On Tue, Apr 12, 2016 at 04:49:10PM -0400, Mark Hahn wrote:
>One of our MDSs is crashing with the following:
>
>BUG: unable to handle kernel paging request at 00000000deadbeef
>IP: [<ffffffffa0ce0328>] iam_container_init+0x18/0x70 [osd_ldiskfs]
>PGD 0
>Oops: 0002 [#1] SMP
>
>The MDS is running 2.5.3-RC1--PRISTINE-2.6.32-431.23.3.el6_lustre.x86_64
>with about 2k clients ranging from 1.8.8 to 2.6.0

I saw an identical crash in Sep 2014 when the MDS was put under memory
pressure.

>to be related to vm.zone_reclaim_mode=1.  We also enabled quotas

zone_reclaim_mode should always be 0. 1 is broken. hung processes
perpetually 'scanning' in one zone in /proc/zoneinfo whilst plenty of
pages are free in another zone is a sure sign of this issue.

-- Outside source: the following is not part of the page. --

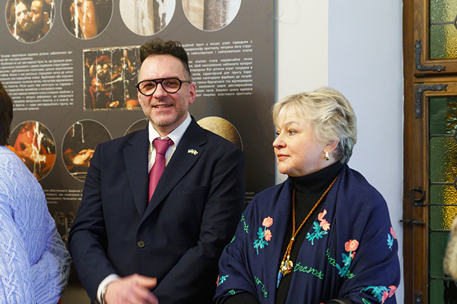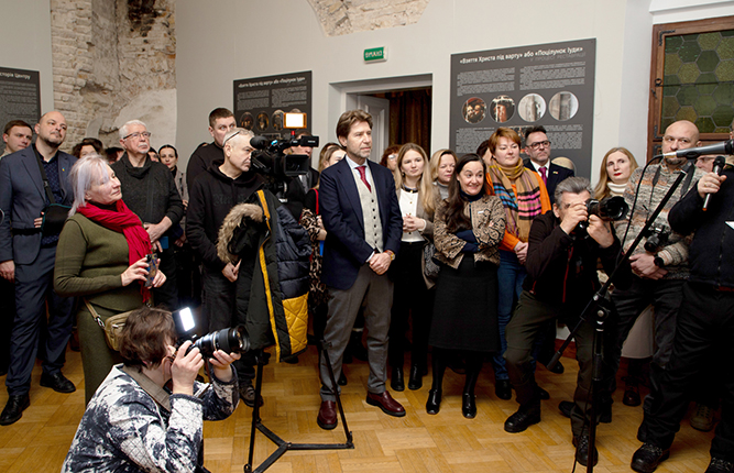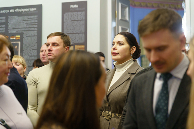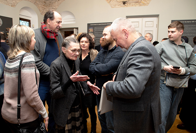 Почесні гості заходу мали змогу ознайомитися з експозицією, де інформаційні стенди наочно демонструють стан полотна з моменту передання до ННДРЦУ, результатами проведених досліджень та комплексного відродження. Вони поспілкувалися з фахівцями, які причетні до фахової реставрації та надання твору експозиційного вигляду.

however if you have vm.zone_reclaim_mode=0 now and are still seeing the
issue, then I would suspect that lustre's overly agresssive memory
affinity code is partially to blame. at the very least it is most
likely stopping you from making use of half your MDS ram.

see
  https://jira.hpdd.intel.com/browse/LU-5050

set
  options libcfs cpu_npartitions=1
to fix it. that's what I use on OSS and MDS for all my clusters.

cheers,
robin